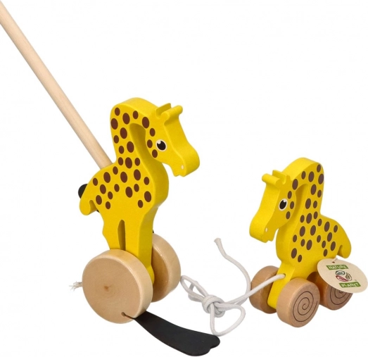 Questa giraffa di legno di qualità è il compagno ideale per i bambini dai 18 mesi. Si distingue per la struttura solida, la superficie liscia e il design allegro che invoglia al movimento. Quando viene spinta, le “zampe” laterali vicino alle ruote si muovono ritmicamente, creando un attraente effetto visivo e stimolando la naturale curiosità.
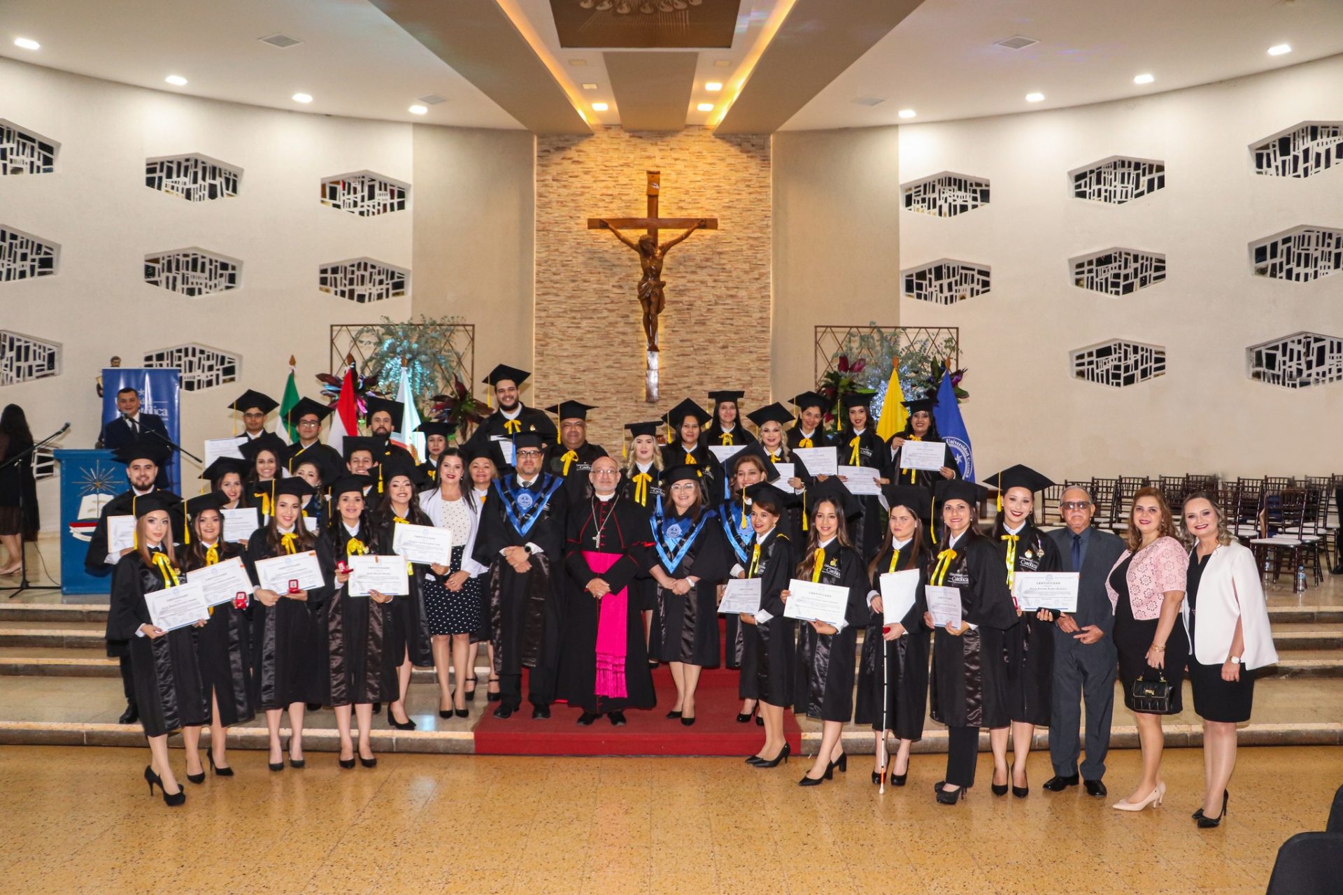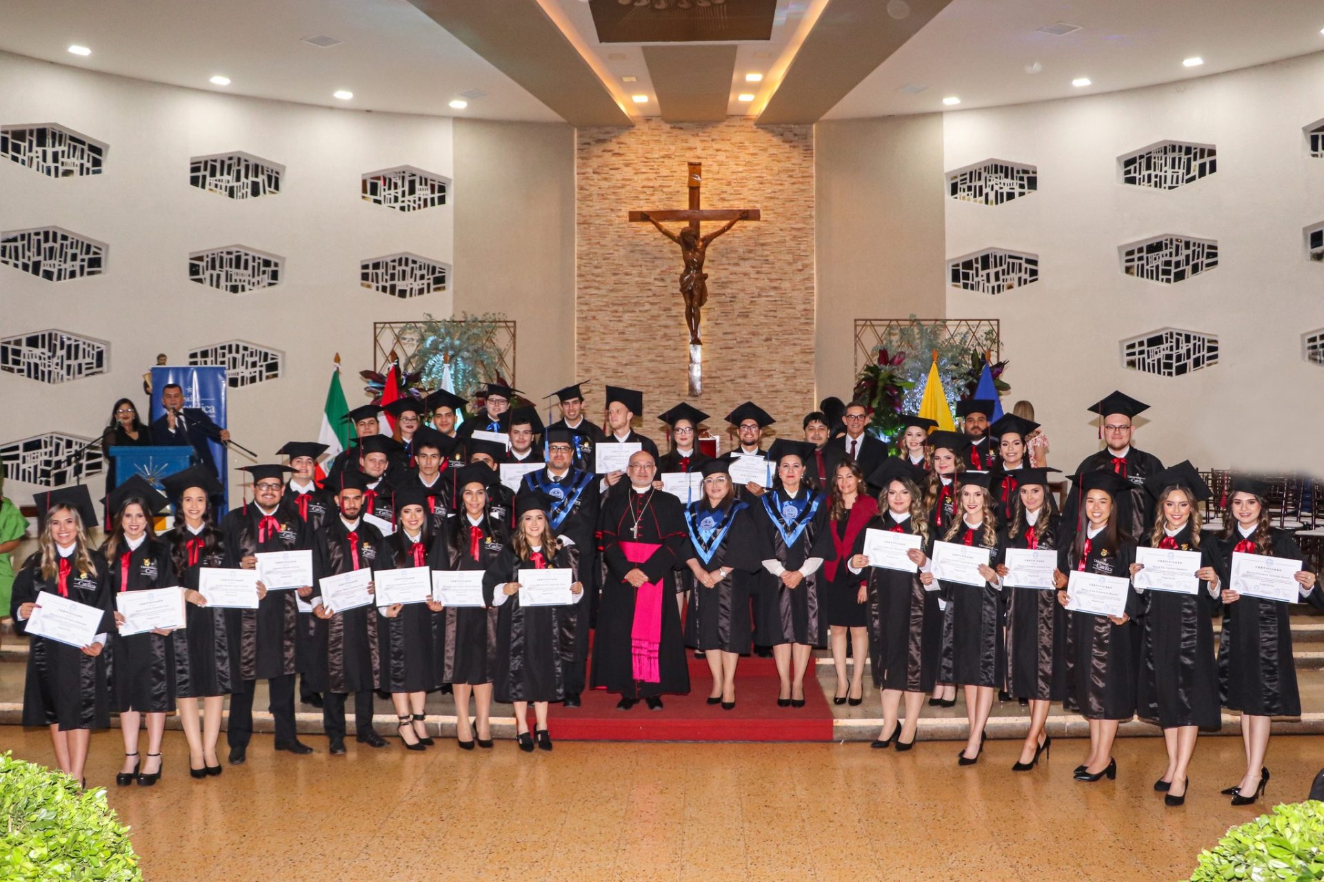 Con mucho júbilo se llevó a cabo la celebración por la graduación de los egresados de la Promoción 2021 en el Año de la Eucaristía bajo el lema “Lo reconocieron al partir el pan” (Lucas 24, 30 -31) de la Universidad Católica Campus Itapúa, con la Santa Misa de Acción de Gracias realizada en la Iglesia Catedral de Encarnación, el miércoles 23 de noviembre.
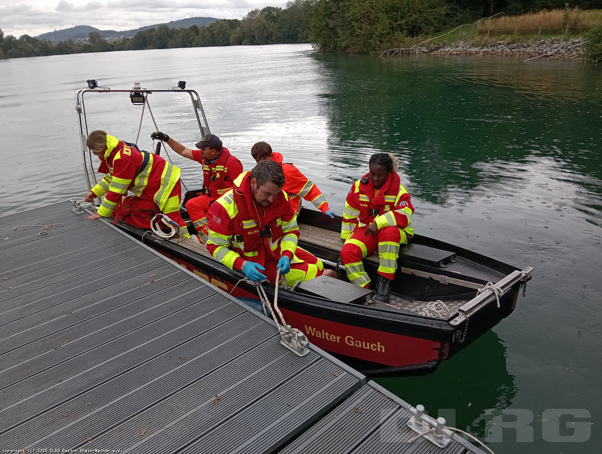 Die Prüfung begann bereits um 9 Uhr, zu diesem Zeitpunkt noch mit bewölktem Himmel, aber Trocken. Die Prüflinge mussten in mehreren Prüfungsteilen ihre Kenntnisse in einer theoretischen Prüfung, Knotenkunde und Seemannschaft soweit bei einer Einsatzübung unter beweis stellen. Für die "richtigen Einsatzbedingungen" sorgte dann der nach dem Mittagessen einsetzende Regen, der dann dafür sorgte, dass Teilnehmer wie Prüfungsteam gut nass wurden.
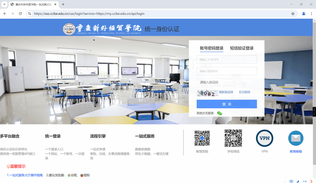 (一)打开学校“一站式服务大厅(https://my.ccibe.edu.cn/)”登录页面,或直接登录实验教学管理系统网址https://sygl.ccibe.edu.cn:7735/(校外网登录实验教学管理系统需通过VPN进入一站式服务大厅找到“实验管理”):
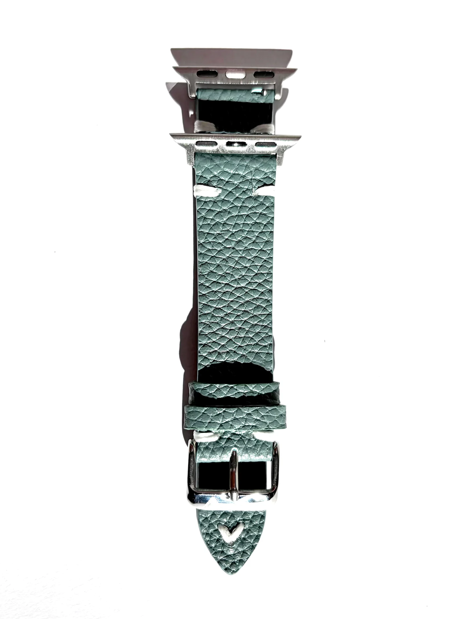 Our Apple Watch band evokes the pastel green hues of pistachios. Soft, grained leather and waxed thread combine to create a harmonious, understated band.
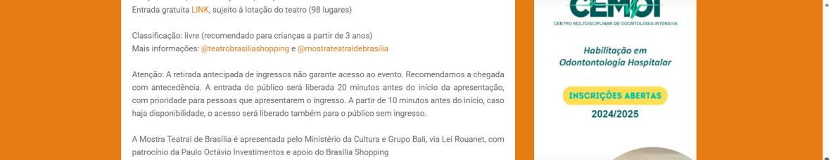 Mais informações: @teatrobrasiliashopping e @mostrateatraldebrasilia
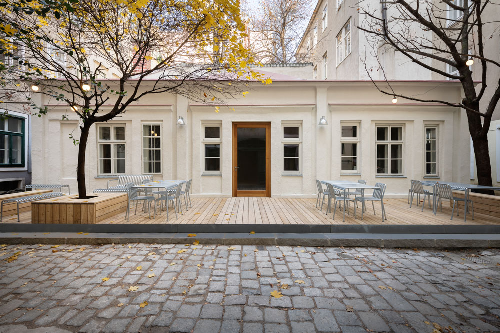 Als die Bauherrnschaft Ende 2018 erfuhr, dass das Café Kandl, ein in die Jahre gekommenes Lokal mit Gastgarten im 7. Bezirk, aufgegeben worden war, sahen sie das Potential und ergriffen die Gelegenheit sofort. Das Lokal wurde angemietet und sollte schnell auf Vordermann gebracht werden. Ein zeitgenössisches Wiener Kaffeehaus sollte es werden, zeitlos und dennoch aufregend, tagsüber familienfreundliches Frühstückscafé und Ort für einen schmackhaften Mittagstisch und abends die beste Cocktailbar Wiens. Doch wie schafft man es zwei vollkommen unterschiedliche Atmosphären zu erschaffen? Wie schafft man es gleichzeitig klassisch und modern zu sein? Die Antwort fand das IFUB* im
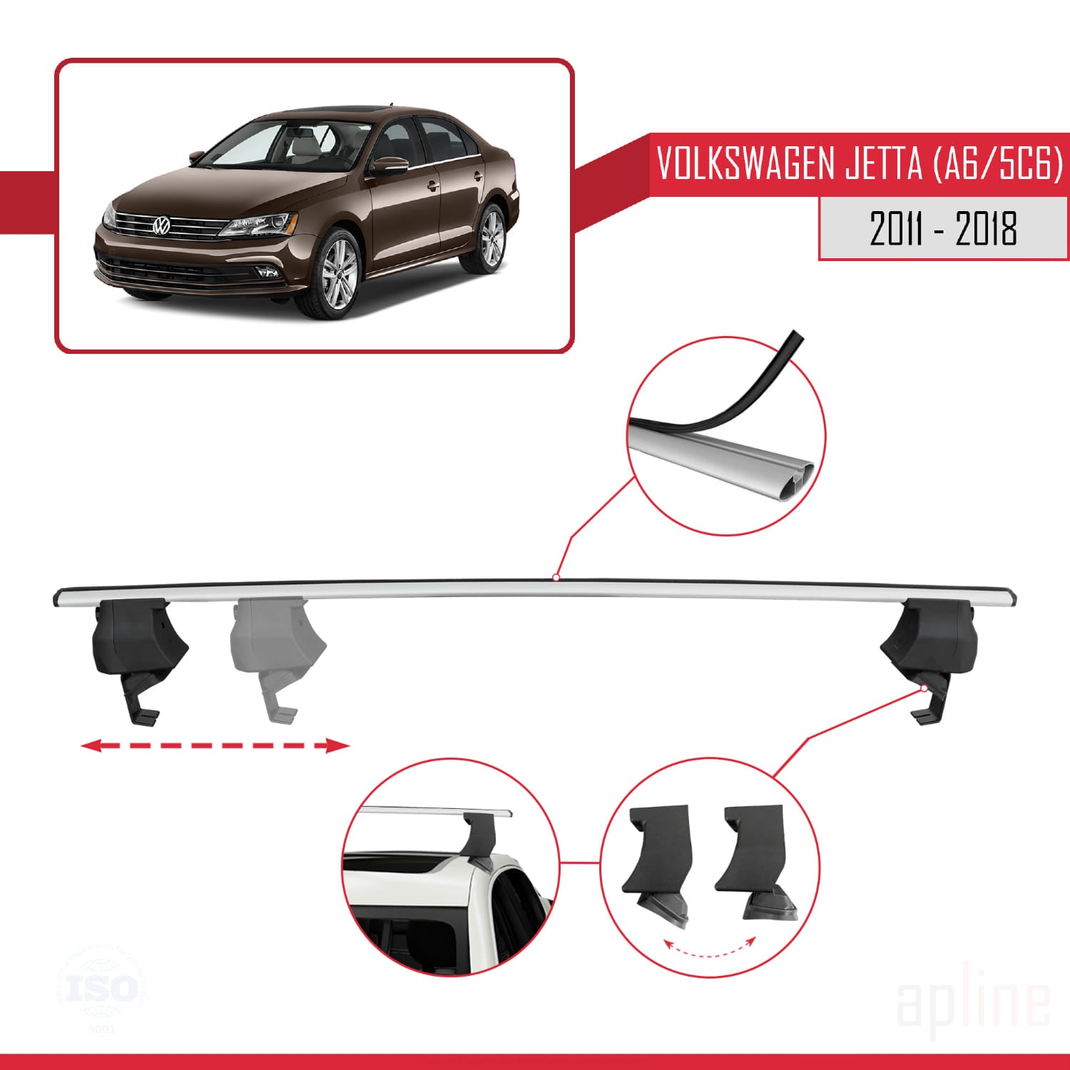 Compatible avec Volkswagen Jetta 6 (5C6) 2011-2018 ACE-4 Barres de Toit Railing Porte-Bagages de Voiture Gris Aluminium 2 Barres

==========

Assignment:
The result should be the full listing, retyped exactly and free of pictures.

Finished task:
 Questa giraffa di legno di qualità è il compagno ideale per i bambini dai 18 mesi. Si distingue per la struttura solida, la superficie liscia e il design allegro che invoglia al movimento. Quando viene spinta, le “zampe” laterali vicino alle ruote si muovono ritmicamente, creando un attraente effetto visivo e stimolando la naturale curiosità.
 Con mucho júbilo se llevó a cabo la celebración por la graduación de los egresados de la Promoción 2021 en el Año de la Eucaristía bajo el lema “Lo reconocieron al partir el pan” (Lucas 24, 30 -31) de la Universidad Católica Campus Itapúa, con la Santa Misa de Acción de Gracias realizada en la Iglesia Catedral de Encarnación, el miércoles 23 de noviembre.
 Die Prüfung begann bereits um 9 Uhr, zu diesem Zeitpunkt noch mit bewölktem Himmel, aber Trocken. Die Prüflinge mussten in mehreren Prüfungsteilen ihre Kenntnisse in einer theoretischen Prüfung, Knotenkunde und Seemannschaft soweit bei einer Einsatzübung unter beweis stellen. Für die "richtigen Einsatzbedingungen" sorgte dann der nach dem Mittagessen einsetzende Regen, der dann dafür sorgte, dass Teilnehmer wie Prüfungsteam gut nass wurden.
 (一)打开学校“一站式服务大厅(https://my.ccibe.edu.cn/)”登录页面,或直接登录实验教学管理系统网址https://sygl.ccibe.edu.cn:7735/(校外网登录实验教学管理系统需通过VPN进入一站式服务大厅找到“实验管理”):
 Our Apple Watch band evokes the pastel green hues of pistachios. Soft, grained leather and waxed thread combine to create a harmonious, understated band.
 Mais informações: @teatrobrasiliashopping e @mostrateatraldebrasilia
 Als die Bauherrnschaft Ende 2018 erfuhr, dass das Café Kandl, ein in die Jahre gekommenes Lokal mit Gastgarten im 7. Bezirk, aufgegeben worden war, sahen sie das Potential und ergriffen die Gelegenheit sofort. Das Lokal wurde angemietet und sollte schnell auf Vordermann gebracht werden. Ein zeitgenössisches Wiener Kaffeehaus sollte es werden, zeitlos und dennoch aufregend, tagsüber familienfreundliches Frühstückscafé und Ort für einen schmackhaften Mittagstisch und abends die beste Cocktailbar Wiens. Doch wie schafft man es zwei vollkommen unterschiedliche Atmosphären zu erschaffen? Wie schafft man es gleichzeitig klassisch und modern zu sein? Die Antwort fand das IFUB* im
 Compatible avec Volkswagen Jetta 6 (5C6) 2011-2018 ACE-4 Barres de Toit Railing Porte-Bagages de Voiture Gris Aluminium 2 Barres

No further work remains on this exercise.